How to complete this task:
The reply must contain exactly the lines below from the one with "a nivel mundial." down to the one with "Бежевые брюки палаццо", both included, and nothing more; please omit the pictures.

Dataset records:
┌──

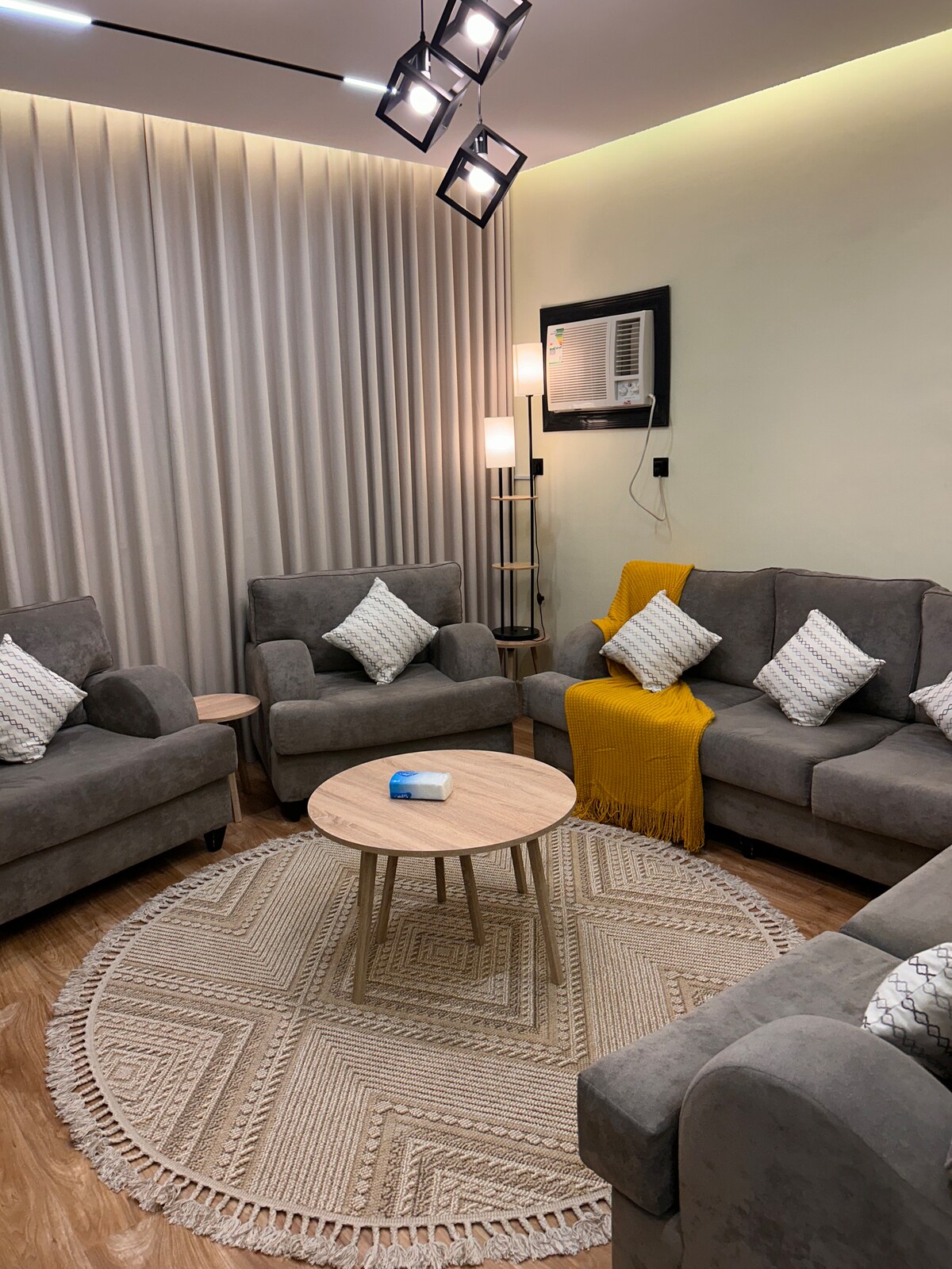 Een elegante studio met zelf inchecken, ontworpen in comfortabele kleuren, ingericht met modern meubilair, er is een 75-inch scherm, Netflix en YouTube-abonnement, en het bevat koffie en water gastvrijheid en uitgerust met alle douchehulpmiddelen, gekenmerkt door zijn grote oppervlakte en volledige privacy met slimme toegang en dicht bij Jazan University en de Universiteit Zee, en het is 8 minuten rijden van de luchthaven en 5 minuten rijden van de Boulevard en Al-Rashed Mall, en er zijn alle diensten in de buurt, waaronder restaurants, wasserette, kapper en cafés. Ontworpen voor jouw comfort, ik wens je een gelukkig verblijf...
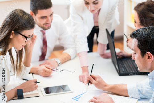 Business Frauen und Männer bei Besprechung finden Ideen in gemeinsamer Arbeit im Büro
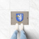 Spanish surname Ruiz Historical Shield Floormat displays a silver lion grasping a gold Fleur de Lis on a blue field set on a cobblestone style background. The Spanish surname Ruiz derives from the word Roderick meaning one who has fame.
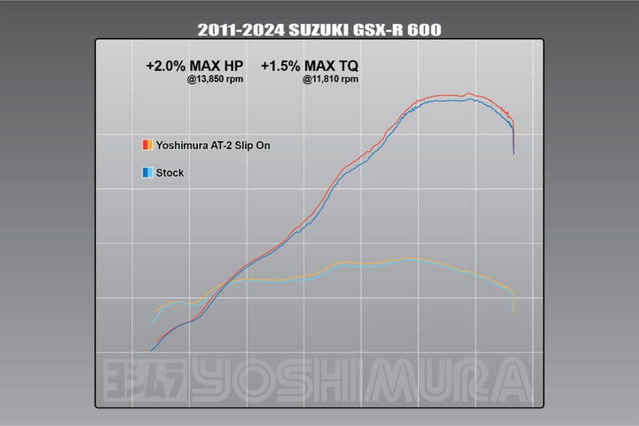 The AT2 has style, performance and sound that is second to none. The GSX-R 600/750 is deserving of such a product like the AT2. A faceted rear cap enclosed by a beautiful matte carbon fiber AT2 end cap and custom heal guard has quickly become a main stay for the Yoshimura enthusiast.
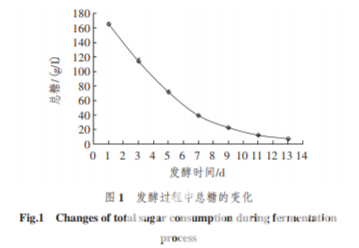 茶酒發酵過程中總糖的變化如圖 1。 從圖 1 可以知道,在發酵初期,由于酵母菌大量生長繁殖的需要,對糖的利用率很高,導致降糖速度非 常快。隨著發酵的進行,降糖速度變慢,主要是由于酒 精含量和酸度的不斷增加,均會在一定程度上影響釀 酒酵母的代謝活動能力,從而降低了糖的消耗速度。 直到總糖不再變化時,發酵也幾乎停止,到主發酵結 束時總糖含量為 7.5 g/L。
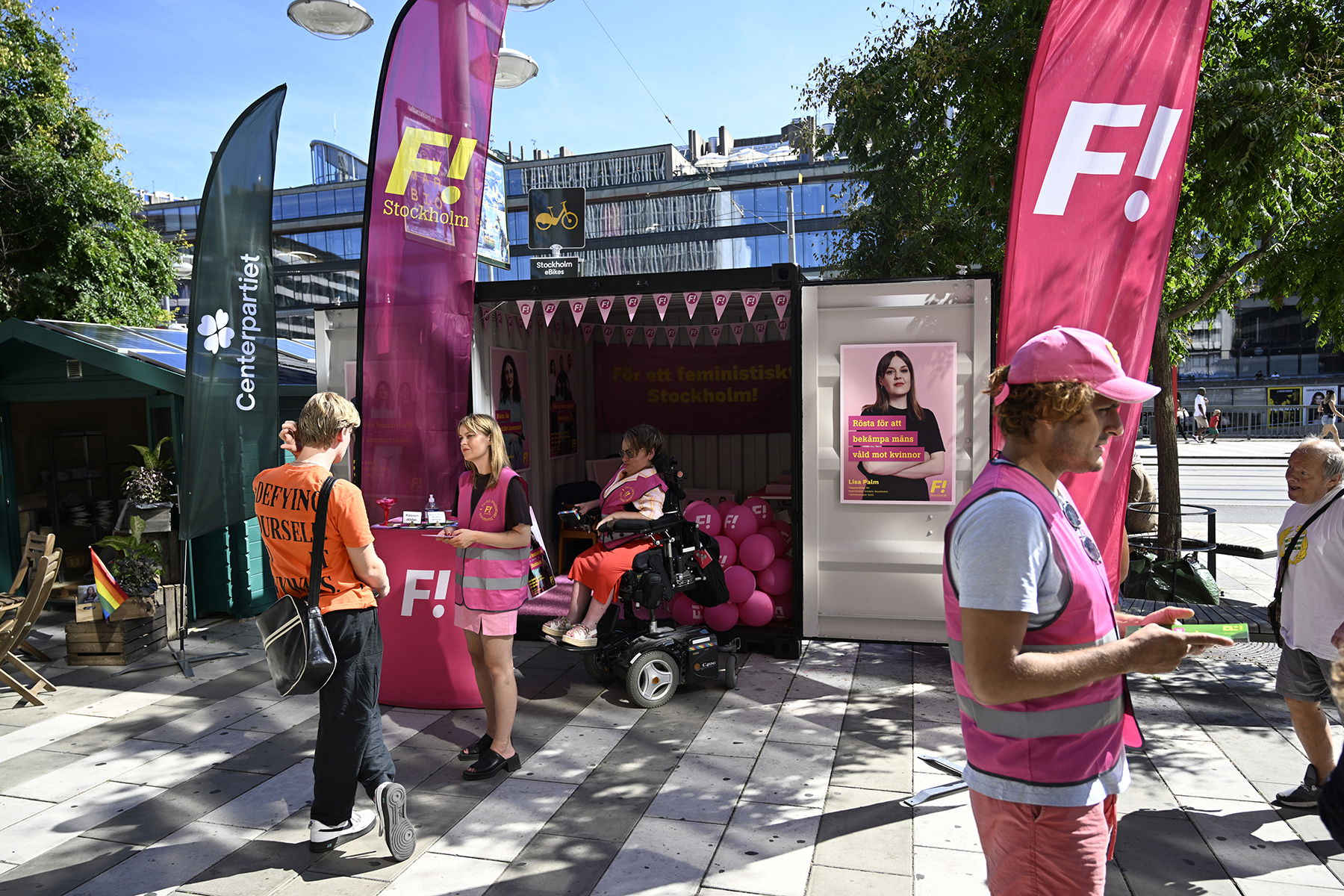 Anna-Karin Hatts publik behövde solskydd under sitt tal i Almedalen. Foto: Jessica Gow/TT.
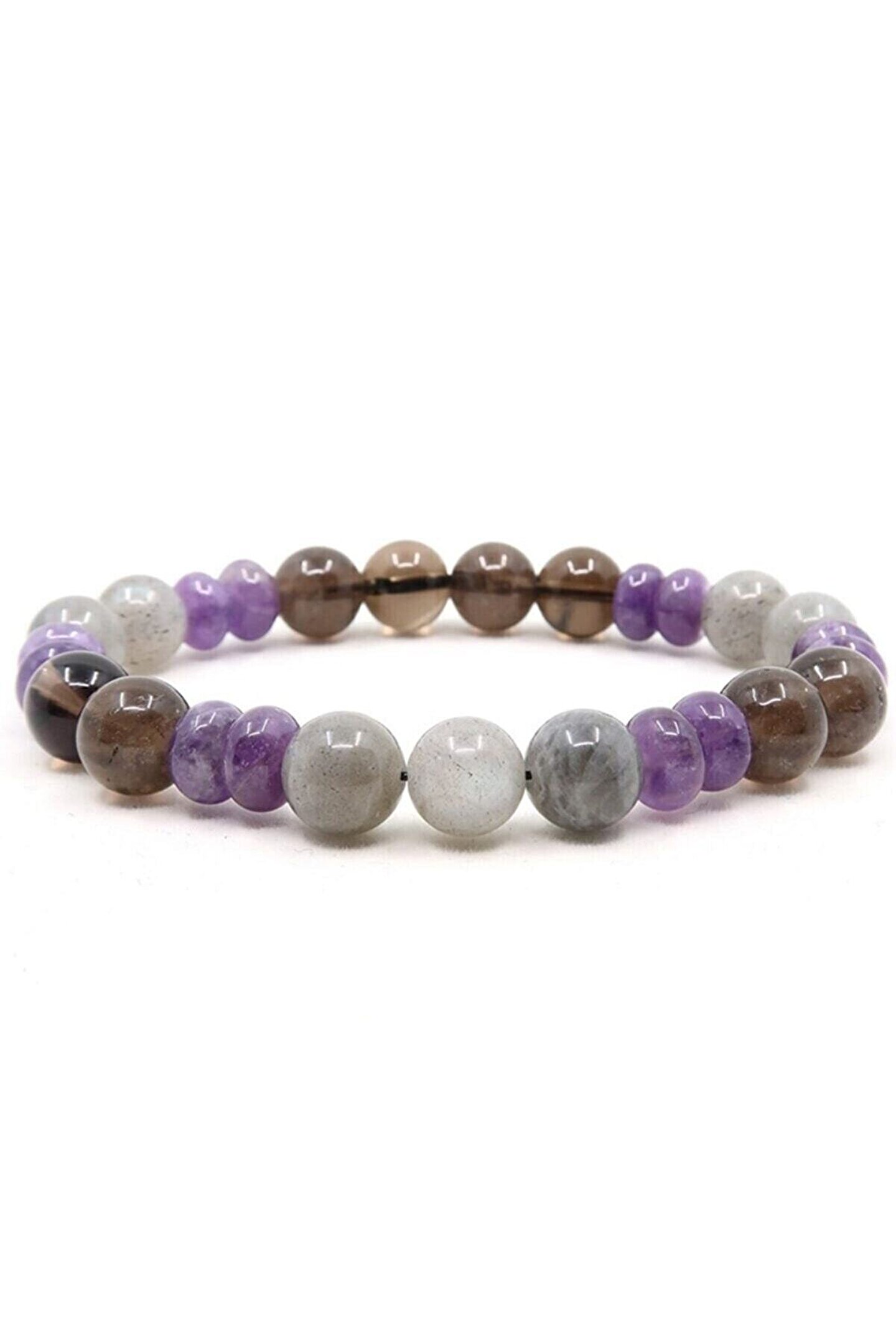 - Doğal taş kullanımı sayesinde her bileklik benzersiz ve otantik bir görünüm sunar; - Ametist, labradorit ve dumanlı kuvars gibi değerli taşların birleşimiyle zenginleştirilmiş tasarım, şıklığı ve doğallığı bir arada sunar; - 8 mm kalınlığındaki bileklik, rahat bir kullanım sağlarken bileğinizin doğal hatlarını zarifçe sarar; - Doğal taş materyali ile hem estetik hem de sağlığa faydaları bir arada sunan bu bileklik, günlük kullanım için idealdir;
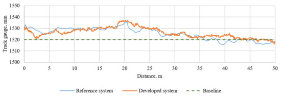 After the investigation conducted in the laboratory, the field test was performed, as described in Section 3.2. The field test was conducted on a railway with a 1520 mm track gauge, which is typical for Lithuanian Railways. The experiment was conducted on a sunny day. The initial tests were performed in the Vilnius railway station yard; the straight track section was selected for investigation, and the train velocity was about 10 km/h. It was an initial investigation to test hardware components such as the lighting, damper of the camera and power supply, and software components such as the data acquisition and data processing algorithms. It was necessary to define further steps to improve the system’s accuracy and reliability. The developed system was installed on the geometry-measuring machine the Plasser & Theurer EM-140 (Figure 5a,b and Figure 6); it allowed us to compare the data we measured with a reference. The reference system measures the gauge but not the wheel–rail lateral position directly, so we tuned our system to measure the gauge as well. The data from the Plasser & Theurer EM-140 were recorded every 25 cm, and they were velocity independent; the sample rate of our image system was 30 frames per second (FPS). In Figure 9, the measurement results for the conventional measurement system installed on the Plasser & Theurer EM-140 and the developed camera-based system are presented. To compare, the developed system measurements were resampled to be comparable to the measurements from the reference system, and the root mean square error (RMSE) between them was calculated, which was equal to 2.81 mm.
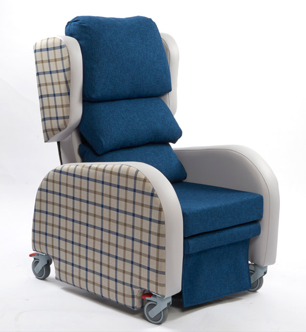 The Alpha Plus is a supportive chair that reclines from a pivot point behind the knee. This reclining seat is controlled by a smooth powerful gas spring which allows infinite positioning and a steep seat rake if necessary. It promotes a sense of security and relaxation. The chair has adjustable seat depth and comes in 3 different widths. The chair seat cushion comes with visco pressure relieving foam as standard. The cushion materials are 4 way stretch vapour permeable fabric which is washable up to 95 C. The use of VP fabrics enables the chair to be optionally upgraded with different pressure relieving cushions. |
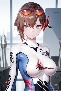 1girl, solo, bridget,breasts, looking at viewer, short hair, blue eyes, brown hair, medium breasts, bodysuit, eyewear on head,upper body,
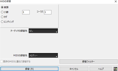 ツールバーの [MIDI録音] ボタンか [Ctrl]+[R] キーを押してダイアログを開きます。
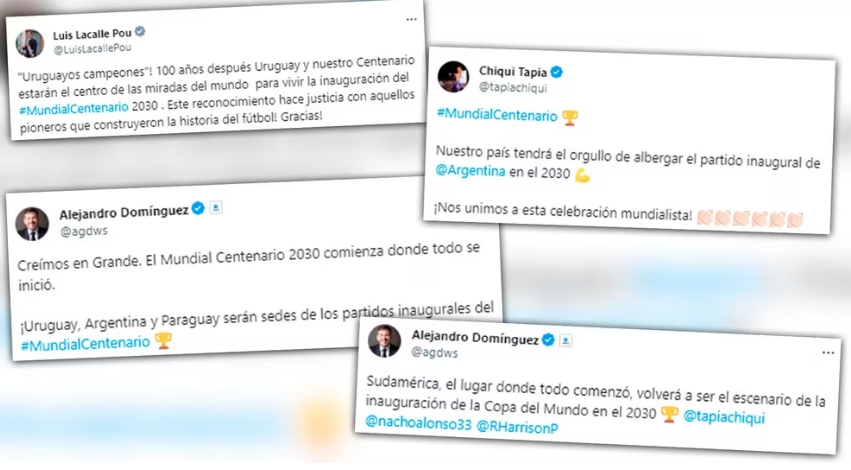 “Creímos en Grande. El Mundial Centenario 2030 comienza donde todo se inició. ¡Uruguay, Argentina y Paraguay serán sedes de los partidos inaugurales del Mundial Centenario”, había escrito minutos antes en sus redes sociales Domínguez y de inmediato creó una ola de repercusiones a nivel mundial.
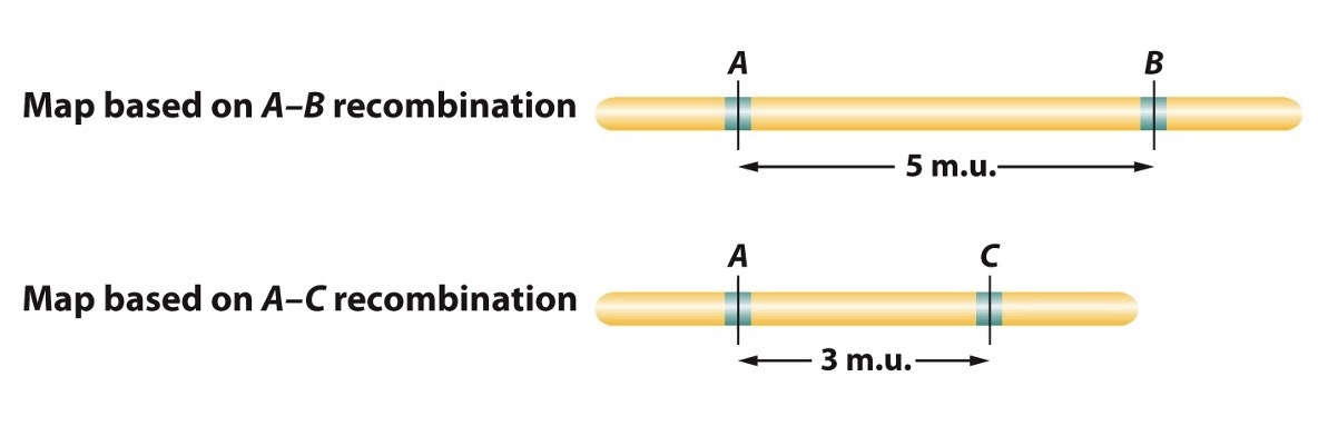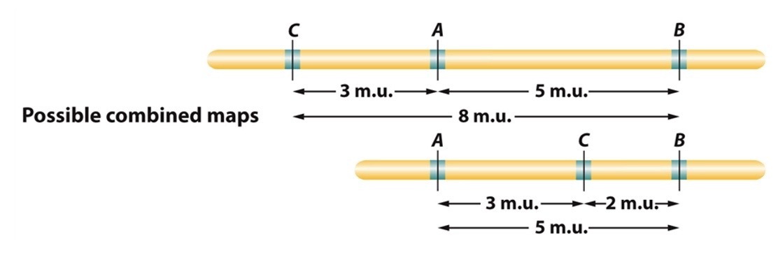 crosses (A-B & A-C) was performed that resulted in the map distances: A and B 5 units, A and C 3 units
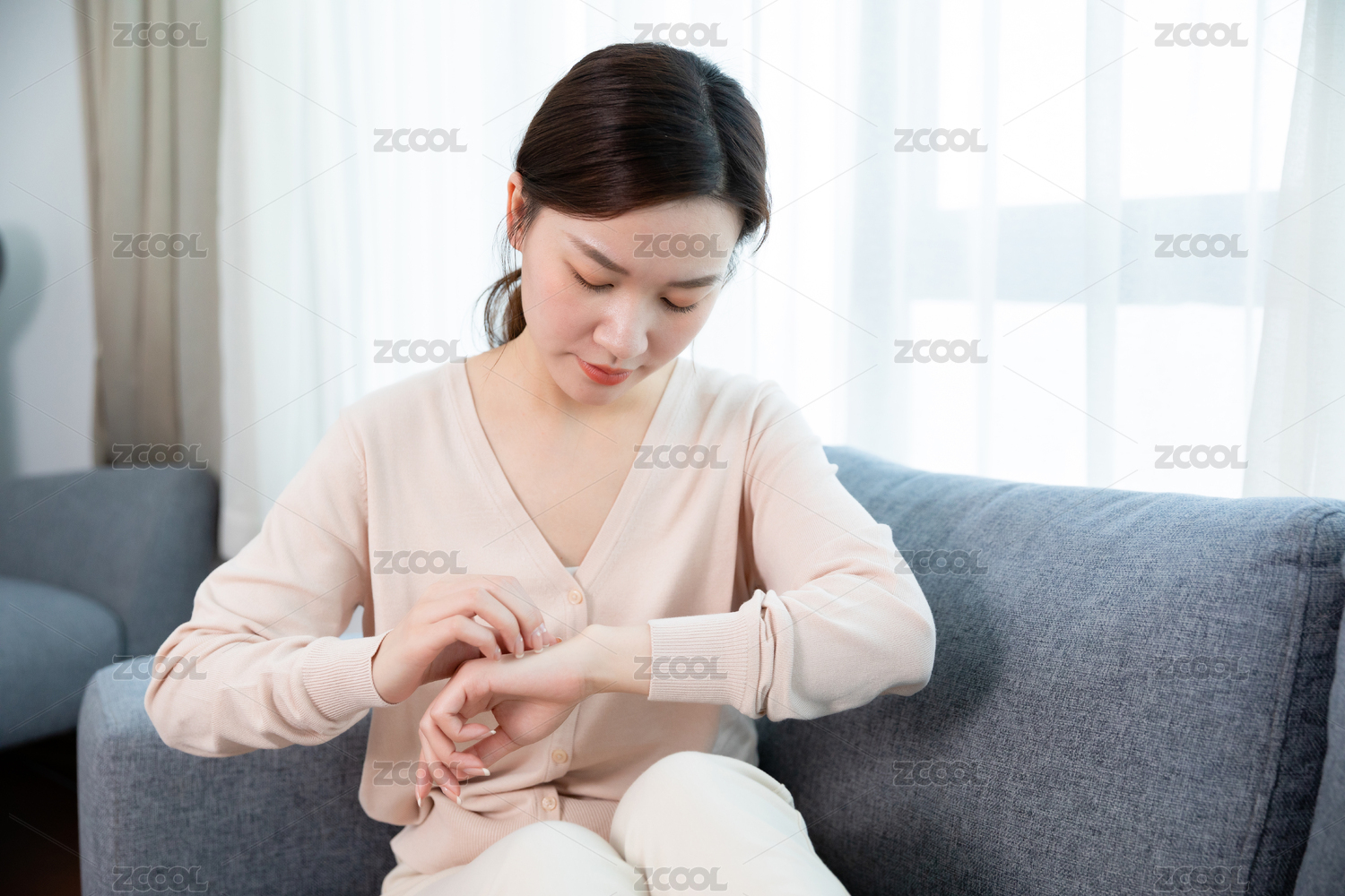 年輕女性抓撓手臂皮膚
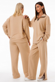Бежевые брюки палаццо из мягкого трикотажа с разрезами Kivviwear 4132.10
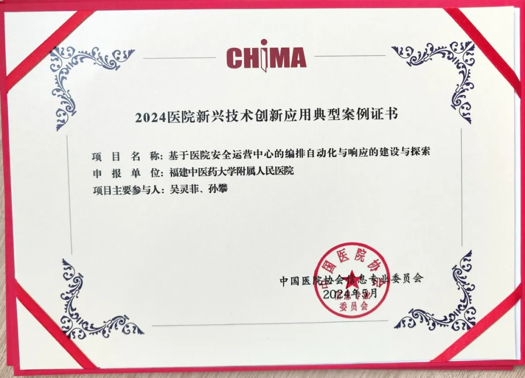 此外,为全面推动黄播 信息化建设,全方位展示黄播 信息化建设成果,CHIMA面向国内各级各类医疗机构以及医疗信息技术企业开展2024黄播 新兴技术创新应用典型案例征集活动。黄播信息管理处孙攀、吴灵菲总结网络安全创新应用工作成果,申报项目《基于黄播 安全运营中心的编排自动化与响应的建设与探索》成功入选2024黄播 新兴技术创新应用典型案例。
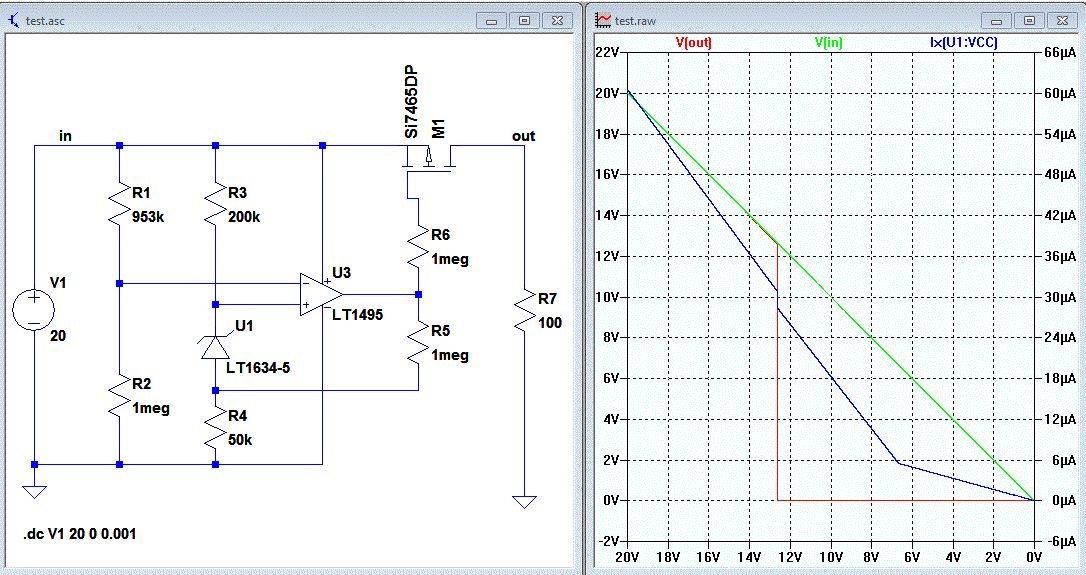 Hallo, ich möchte folgendes realisieren wie im ltspice file zu sehene ist: eine Spannungsquelle fällt von 20 auf 0 V herunter und der Ausgang wird bei ca. 12,7V ausgeschaltet. Ich habe das ganze ding berechnet nach folgendem Magazin/Journal:http://cds.linear.com/docs/en/lt-journal/LT1389_0699_Mag.pdf und probiere das ganze zu simulieren. Leider scheint es mir als wenn der präzisions shunt widerstand nicht richtig funktioniert? Könnt ihr mir helfen? Lg Machete

└──

Answer for this exercise:
 “Creímos en Grande. El Mundial Centenario 2030 comienza donde todo se inició. ¡Uruguay, Argentina y Paraguay serán sedes de los partidos inaugurales del Mundial Centenario”, había escrito minutos antes en sus redes sociales Domínguez y de inmediato creó una ola de repercusiones a nivel mundial.
 crosses (A-B & A-C) was performed that resulted in the map distances: A and B 5 units, A and C 3 units
 年輕女性抓撓手臂皮膚
Бежевые брюки палаццо из мягкого трикотажа с разрезами Kivviwear 4132.10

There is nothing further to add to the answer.